Вдаваться дальше в подробности у Алексея Степановича не было никакого желания. Ему бы порадоваться, что дело о самоубийстве гражданина Русакова И. А. оказалось таким заурядным, а он, когда уже и на улицу вышел, все ворчал что-то, ворчал, и на душе было невыносимо скверно.

Москва, декабрь, 1994 г.

УДАЧНЫЙ ДЕНЬ

Ой, как ладно начался день! До завтрака еще стала поливать цветы — чем раньше их окропишь водичкой, бабушка ее учила, тем пышней цвет будет — и к радости своей обнаружила, что болявая фиалочка глазочек синий раскрыла. Махонький, как булавочная головка, а такой яркий, аж зажмурилась. Рядом еще два бутончика. И листики всего три дня назад были жалкие, скукоженные, а тут распрямились, округлились, пушком мягким покрылись, головки их — будто плюшевые. А ведь, чего там лукавить, давно собиралась эту фиалку выбросить, да ничего подходящего на замену не находилось. Некоторым все равно — цветет растение, не цветет, лишь бы кислород выделяло, а ей главное, чтобы цветок глаз радовал своей красотой. Вон герань — не налюбуешься! И запах, какой приятный! Та, что крайняя на подоконнике, в январе распускается, гроздья алые, величиной с блюдце. За окном мороз, а тут лето красное. Смотрит она на свои цветики-цветочки и вспоминается что-нибудь из прошедшей жизни, все больше из молодых лет, и неважно — горькое или радостное — слезы нечаянные на глаза наворачиваются. По старости шибко чувствительной стала.
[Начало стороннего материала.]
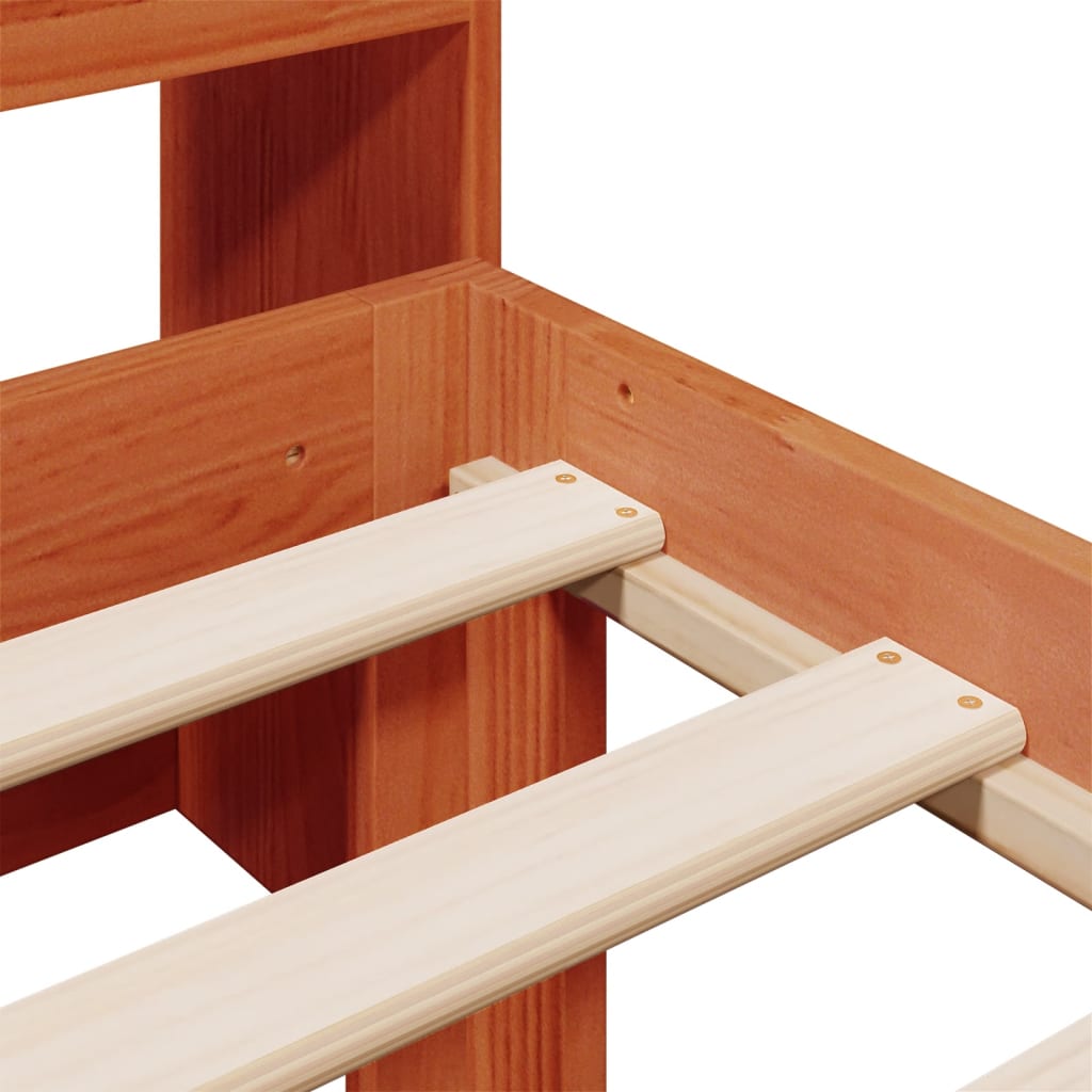Lit en bois massif avec étagère sans matelas ciré marron 100x200 cm
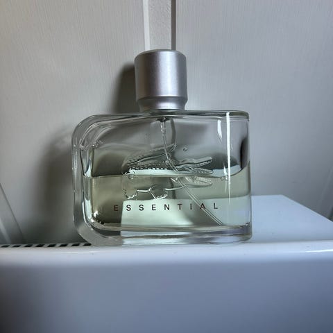 Lacoste Essential parfyme. Flasken har rektangulær form med gjennomsiktig glass og metallfarget kork. Dufttypen er en herreparfyme/eau de toilette med lys, klar væske. Egnet til daglig bruk eller ved spesielle anledninger. Tror det er igjen 115 ml.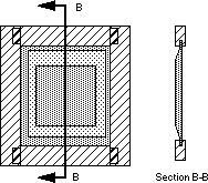 True frame and panel construction: The panel is a solid wood piece, fitted into grooves on the inside of a joined wooden frame. The panel may be (and usually is) shaped thinner at the edges and is often covered with carved or pierce work decoration. The corners of the frame are joined with mortise and tenon joints (a rectangular projection on the ends, cut with the grain, tightly fitted into a rectangular hole cut across the grain, and held by pegs and glue). The result is strong, light, and allows solid wood in frame and panels to expand and contract without damage to the piece. Historical pieces made in this manner have lasted for centuries, with no damage caused by the expansion or contraction of the wood as the humidity changes. Section view B-B is a cross-section through the thickness of the piece. |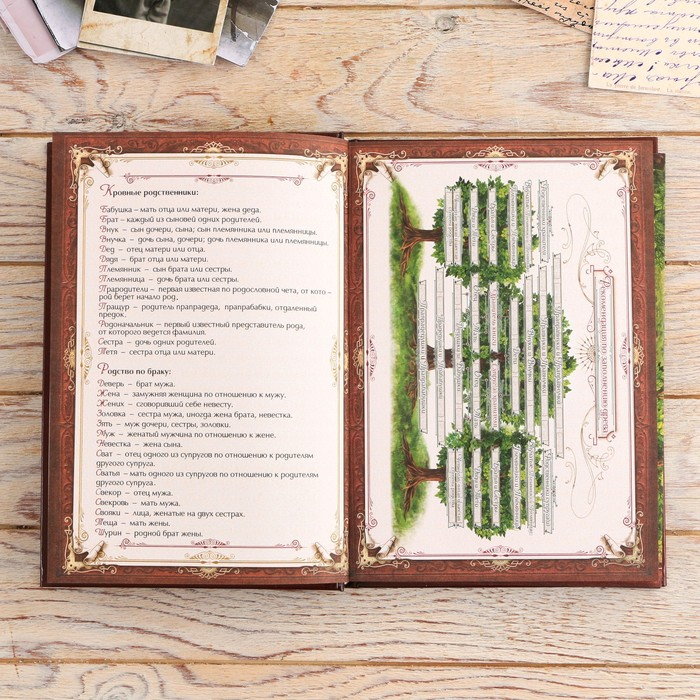Родословная книга «Семейная летопись», с деревянным элементом, 84 страницы, 24,5 х 23 х 4 см.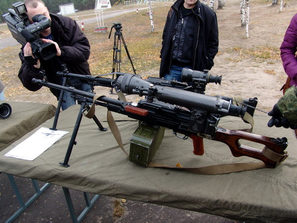 Сергей Астафьев (РИА Новости) с автоматическим пулеметом Калашникова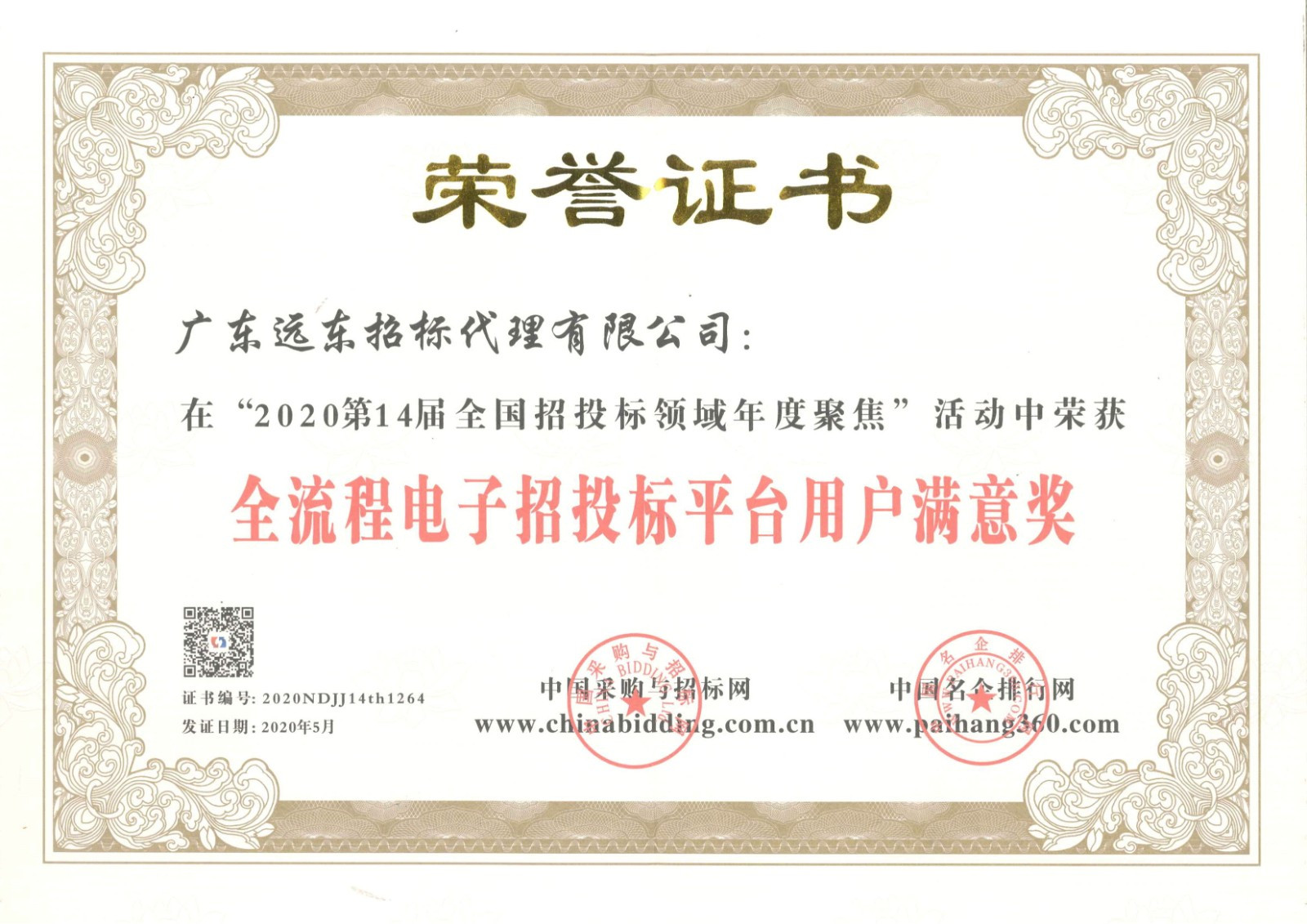 2020全流程電子招投標(biāo)平臺用戶滿意獎

Может, от одиночества, а скорее от характера, он сызмалу был у нее жалостливый, только жизнь суровая не позволяла нюни распускать. А сейчас никто этих глупых слез не видит, никто не посмеется над ними, никто не осудит. Только не все в старости сердцем добреют. Взять ту же Марью Александровну,

что фиалку ей подарила. Три года, как они знакомы. В скверике присели вместе на одну скамеечку отдохнуть, разговорились, выяснили, что обе бобылками живут, посочувствовали друг дружке. Марья Александровна на чаек ее пригласила, оказалось, через два дома она живет, можно сказать, соседи. Теперь на неделе раза два-три встречаются, ну а уж по телефону о здоровье побеспокоятся каждый день. В общем, прилепились одна к другой крепко, хотя дружбой их отношения вряд ли можно назвать, уж больно разные у них взгляды почти на все жизненные обстоятельства. Марья Александровна всю жизнь в аптеке проработала, лекарства там приготовляла, кажется, когда делами милосердными человек занимается, смягчится должен его характер, а у нее он прямо яростный какой-то. Все не по ней. Вот давеча разозлилась, что гараж еще один у них во дворе поставили, а по ней так лучше, когда машины в гаражах, а не чадят под окнами. Или, когда последний раз в скверике своем сидели, какой ор устроила подружка, что собак много развелось. И не то ее раздражение вызвало, что боится, вдруг укусит какая, а что мясом их кормят, она же самой паршивой колбасы, которая хуже прежней «собачьей радости», и то может позволить себе купить двести граммов на субботу и воскресенье.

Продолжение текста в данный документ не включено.